Normally we'd fix this problem by using a flow state to collapse the two configurations into one, but this isn't very easy because step 1 in this query is done using the product-flow library (and not just a normal dataflow configurations).

So this PR fixes the above problem by constructing a final configuration that represents the problematic flow path.

[MathiasVP]

@jketema I think this PR is good to go. I need to verify that the lost results are all from fixing call contexts, but I'm pretty confident that this is the case. Looking forward to trying this out on MRVA 🤞.

[jketema]

Currently, this looks incorrect to me. See comments below.

[jketema]

Is this actually doing anything since we're using invalidPointerToDerefSource as a source anyway?

[MathiasVP]

We're starting the flow at the allocation just like before. Note that the first column of invalidPointerToDerefSource (which is the one we use to mark the source in FinalConfig):

predicate isSource(DataFlow::Node source, FlowState state) {
  state = TInitial() and
  exists(DataFlow::Node derefSource |
    invalidPointerToDerefSource(source, _, derefSource, _) and
    InvalidPointerToDerefFlow::flow(derefSource, _)
  )
}

is the dataflow node that represents the allocation:

predicate invalidPointerToDerefSource(
  DataFlow::Node source1, PointerArithmeticInstruction pai, DataFlow::Node derefSource, int delta
) {
  exists(
    AllocToInvalidPointerFlow::PathNode1 pSource1, AllocToInvalidPointerFlow::PathNode1 pSink1,
    AllocToInvalidPointerFlow::PathNode2 pSink2, DataFlow::Node sink1, DataFlow::Node sink2,
    int delta0
  |
    pragma[only_bind_out](pSource1.getNode()) = source1 and
    // ...
    AllocToInvalidPointerFlow::flowPath(pSource1, _, pragma[only_bind_into](pSink1),
      pragma[only_bind_into](pSink2)) and
    // ...
  )
}

[jketema]

I see now. Why is all this complexity needed, and why can we just use the source from AllocToInvalidPointerConfig?

[MathiasVP]

It needs to be a source that actually flows to a sink. If we just write AllocToInvalidPointerConfig::isSourcePair(source1, _, _, _, _) we'll mark all allocations as sources irregardless of all the filtering that the rest of the query has done.

[MathiasVP]

That is why this final flow configuration is basically "for free" (as can be seen in the DCA run). There are not a lot of sources/sinks now since this configuration is really jus there to make sure the call contexts match up

[MathiasVP]

with more and more functionality piling into invalidPointerToDerefSource.

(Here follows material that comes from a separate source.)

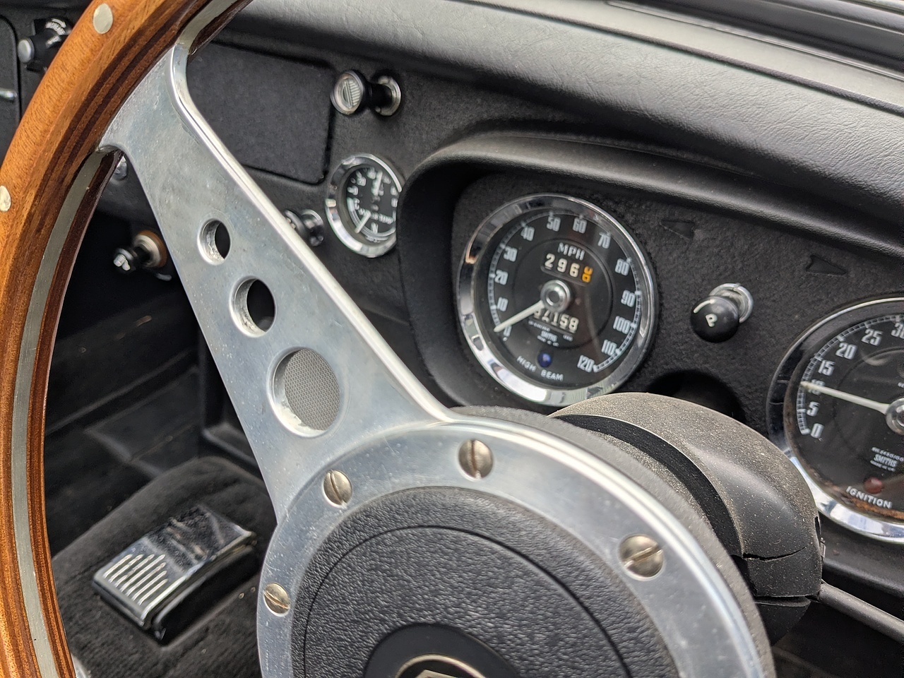 The interior is very pleasant, the seats in excellent condition and what appear to be fairly recent carpets with a nice period Moto-Lita steering wheel to complete the picture.
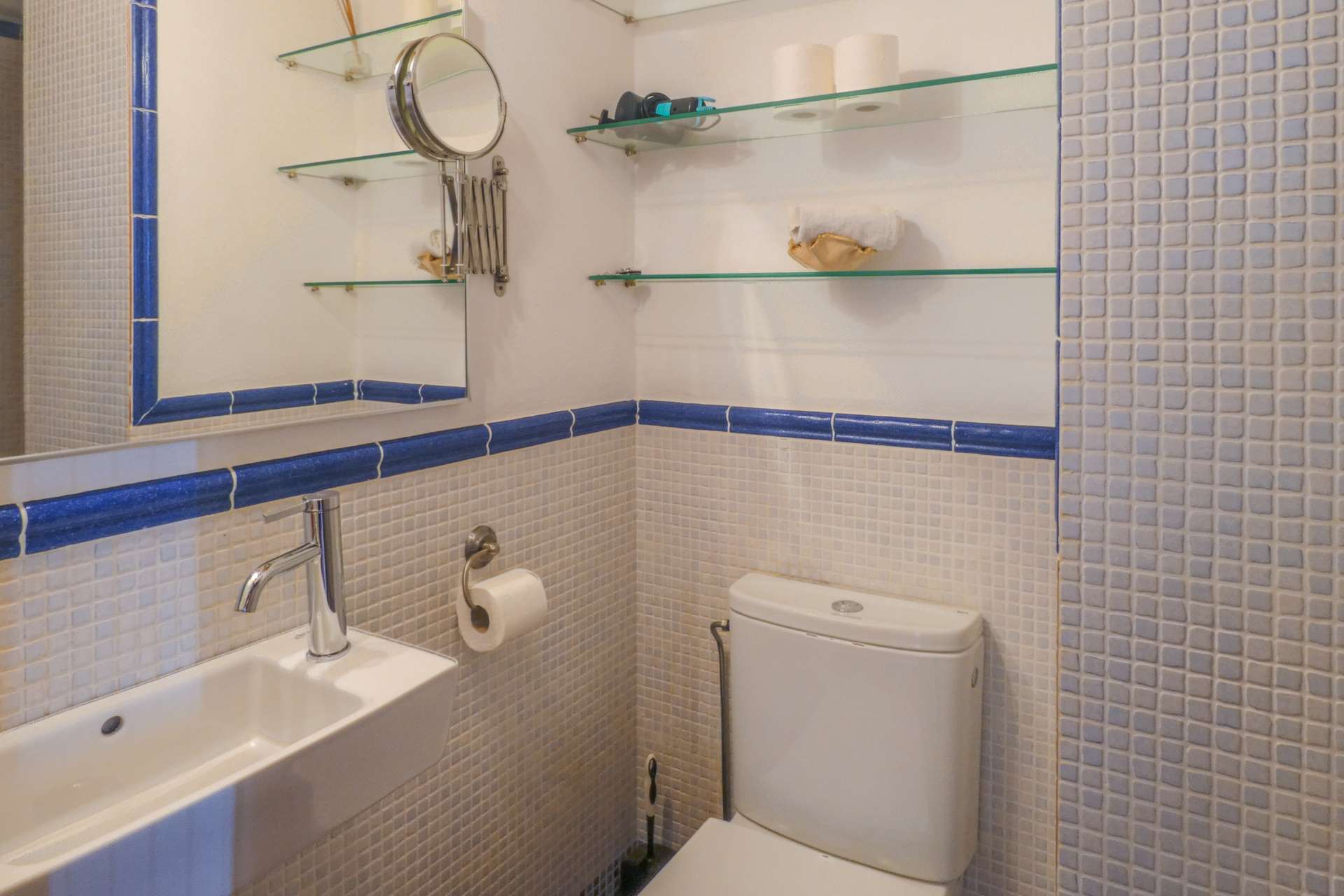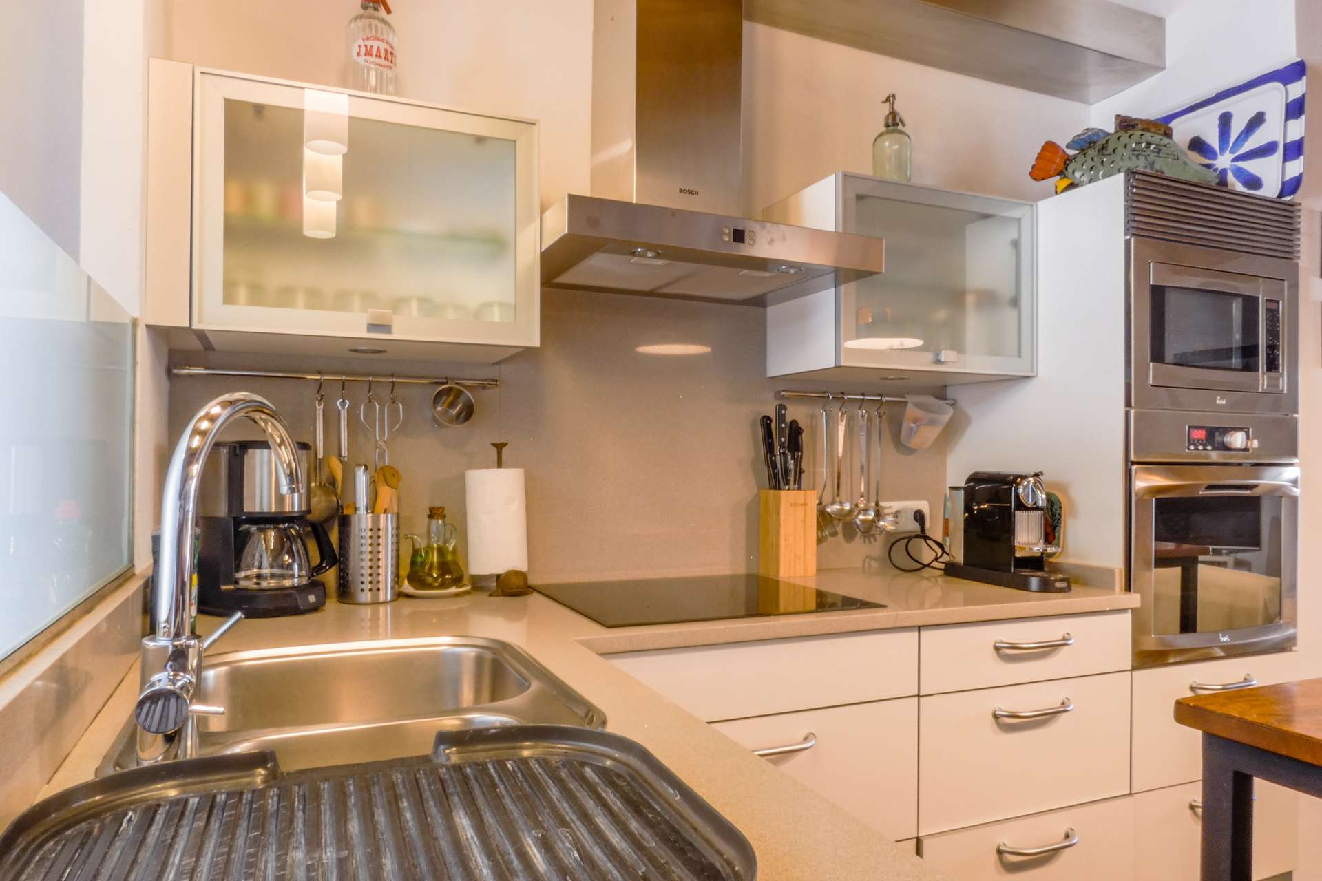Consta de 120 m2 útiles distribuidos en tres plantas. En la planta baja se encuentra el amplio salón/comedor, con cocina integrada. La luminosa cocina está equipada con cocina de inducción, horno, nevera-congelador, lavavajillas, microondas, cafetera Nespresso, y espacio para reciclaje. El comedor tiene una mesa para las comidas familiares y proporciona la conexión con la zona de estar. En la Sala se encuentran dos sofás y una chimenea. Además de una smart TV con conexión vía satélite Astra.

This PR doesn't do anything to invalidPointerToDerefSource other than renaming a variable and moving another variable from exists to a parameter.

This is a query structuring issue.

In that case, I'll think about how we can change the structure of the query, then.

[jketema]

This PR doesn't do anything to invalidPointerToDerefSource other than renaming a variable and moving another variable from exists to a parameter.

Allowing the predicate to be used in one more non-obvious way. Maybe we should start by actually properly naming the predicate (because it being a source of one of the dataflow configurations is probably the least relevant of all its uses at the moment), and also giving its parameters more descriptive names.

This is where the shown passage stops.